Hales is delighted to announce Concrete-Disco-Systems, a solo exhibition of recent work by Andrew Bick. His sixth solo show with the gallery, the exhibition celebrates a focused, research-led practice that seeks to reconsider histories of constructivism and systems art in a contemporary context.
Andrew Bick’s paintings consist of endless permutations - at the core of the artist’s practice is a grid system, one he reproduces time and time again. In 2008, Bick copied a grid structure from one of his own artworks, digitised it, and has since used this same grid as a starting point for every painting. In Bick’s view, new versions of the abstract, concrete and constructive, necessitate the repetition of banal information, leading to an unexpected conjuncture of word and image. His work is based on the belief that disruption within a system helps us relearn the process of paying attention.
In Bick’s work, mediated layering of geometry and gesture act as an antidote to a world of instantaneous information. It is evident that the paintings are made laboriously, testing how far he can take the medium. An amalgamation of watercolour, oil paint, marker pen and encaustic are used to carefully block off areas, building the surface and composition, contrasting with casual-seeming brushstrokes and open areas of untouched support.

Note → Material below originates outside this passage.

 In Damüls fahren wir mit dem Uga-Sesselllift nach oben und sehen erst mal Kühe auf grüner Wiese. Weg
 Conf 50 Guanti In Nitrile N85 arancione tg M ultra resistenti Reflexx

The paintings featured in Concrete-Disco-Systems are spatially complex, drawing the viewer closer to the work to explore what is illusory depth and what has been physically layered in three-dimensional relief. The relationship between each element of the work is restless; these are paintings full of internal argument, revelling in the idea of the grid as a contradictory format. They are simultaneously precise yet unresolved, playful and serious, transparent and opaque. Each work further extends the possible intersections and overlaps, revealing the process of painting by suspending sections in layers of wax encaustic.

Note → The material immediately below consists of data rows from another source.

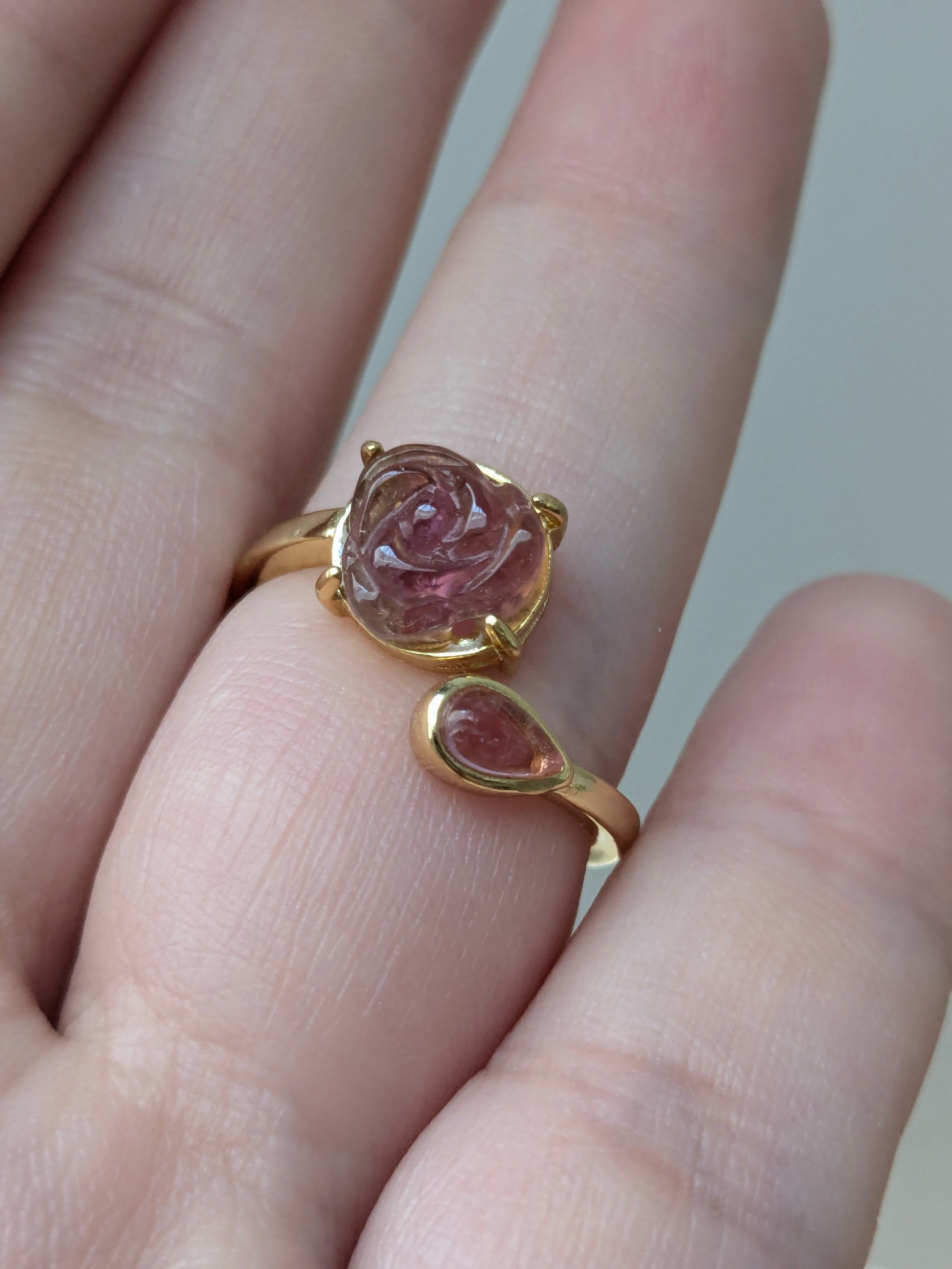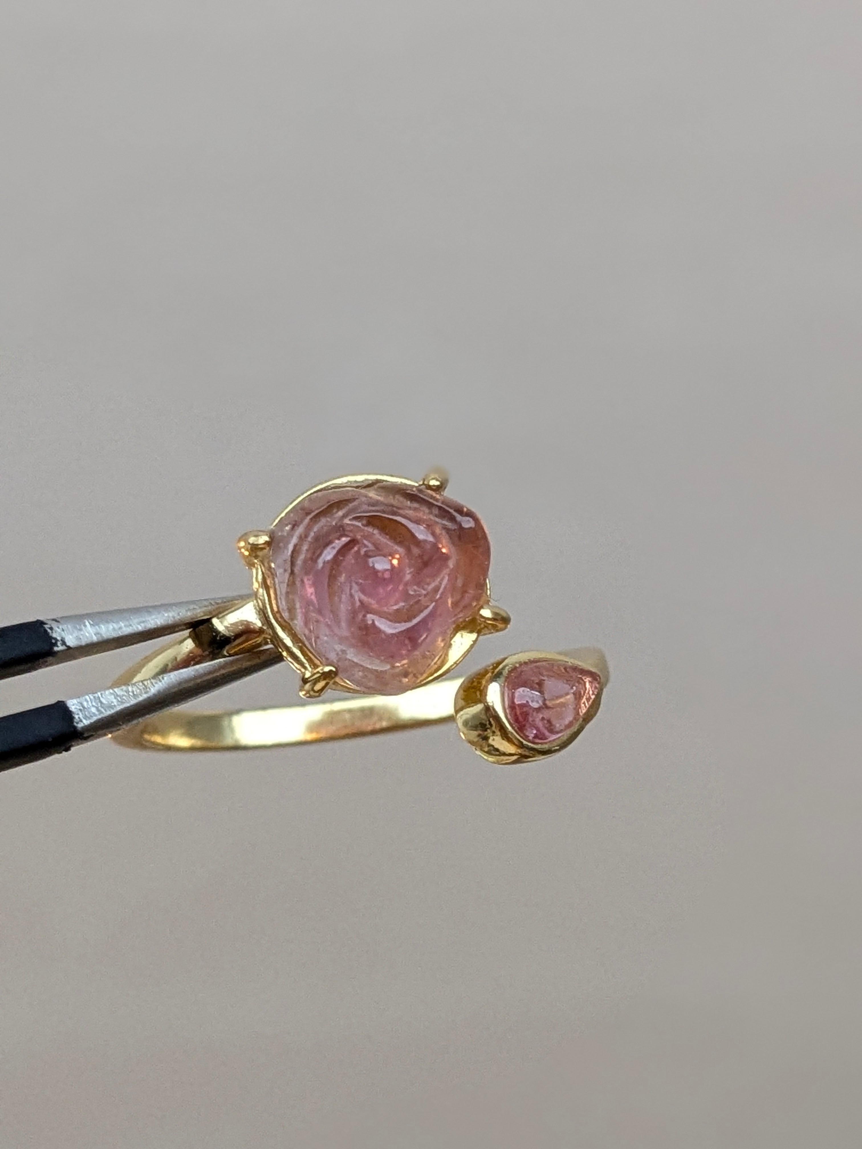 天然石*トルマリンSilver925のリング*薔薇彫刻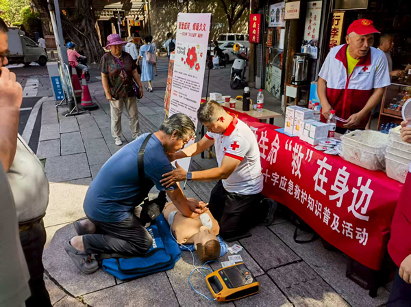 文明風(fēng)9月10日訊 “按壓深度要達到5-6厘米,頻率保持每分鐘100-120次,這樣才能有效幫助心臟恢復(fù)跳動。”9月9日,三坊七巷南口人頭攢動,醫(yī)護志愿者手把手指導(dǎo)居民練習(xí)心肺復(fù)蘇,一場主題為“急救普及惠鄰里 文明實踐護安康”的“急救地攤”文明實踐活動在此熱鬧開展,將實用急救知識送到居民“家門口”。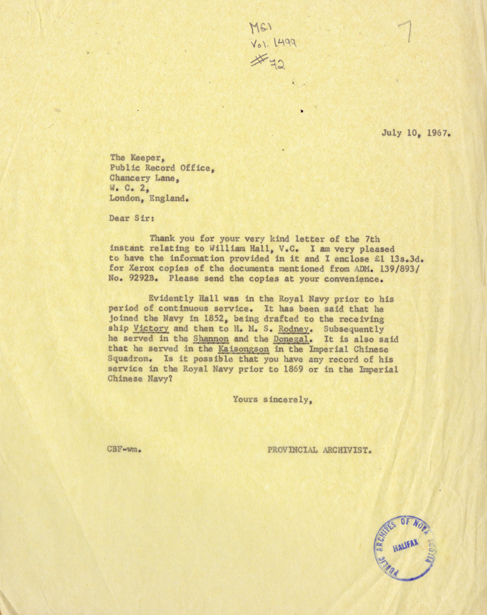 Reference William Hall, VC Nova Scotia Archives MG 1 volume 1499 number 72

Bick pays close attention to the formal processes of painting as well as the legacies of constructivism, systems art and concrete poetry. He has developed a cyclical correlation between resources, academic research and approaches for painting. A vast knowledge and appreciation of art history informs the work, alongside longstanding visual and verbal dialogue with figures such as Gillian Wise and Jeffrey Steele. Bick also developed correspondence with concrete poet Robert Lax, collaborating on several publications. Despite historical research being at the forefront of the artist’s practice, he paints very much in the present, highlighting the canonical to subvert the rules. Gently deconstructing what has come before with deft humour, Bick uses systems not to predetermine the outcome, but to conjure new ways of thinking and to develop different results. The works act as a re-evaluation of constructivism and systems art, simultaneously celebratory and disruptive.
Alongside Bick’s paintings, Concrete-Disco-Systems includes a new piece that transcribes a variation of the original grid painted directly onto the wall. The wall painting has previously been created in different iterations, most notably at Museum Haus Konstruktiv (Zurich, Switzerland, 2017). Coloured shelves between the pillars of Hales London divide the space, influencing the way the viewer moves around the room and interacts with the artwork. This spatial intervention recalls Bick’s first exhibition with Hales, For Robert Lax, now over twenty-five years ago, in which the artist produced a fifteen-metre mono-print, stretched between the two pillars and walls of the former Hales gallery in Deptford, South London. This installation evolved in to curatorial projects and architectural commissions and although the original work has been destroyed, it is still emblematic of Bick’s approach to reconfiguring the exhibition space as part of the artwork, as well as his ongoing questioning of the autonomy of the painting process.
The shelving system directs the act of looking and provides a space to display supporting research and artworks. Included are an artist’s book combining rubber stamp versions of Bick’s grids; an image of Sexburga Drive, a non-descript street on the Isle of Sheppey in North Kent; as well as collages referring to curatorial planning and note taking from the studio. Featured in the artist’s book are sections from a first edition of Daniel Pedoe’s 1978 Geometry and the Liberal Arts, which Bick includes in his re-visitation and celebration of the constructive. The now outmoded title (we no longer use the term ‘liberal arts’) directly reflects the questions he is asking throughout his practice about originality and terminology.
Choreographing the viewer’s interaction with the paintings, through composition and manipulation of architectural space, Concrete-Disco-Systems is unified by a grid which echoes indefinitely through all the work presented. This exhibition contributes to a practice which continuously seeks to evolve through a commitment to abstraction and a rigorous process of re-evaluating histories and systematic methods.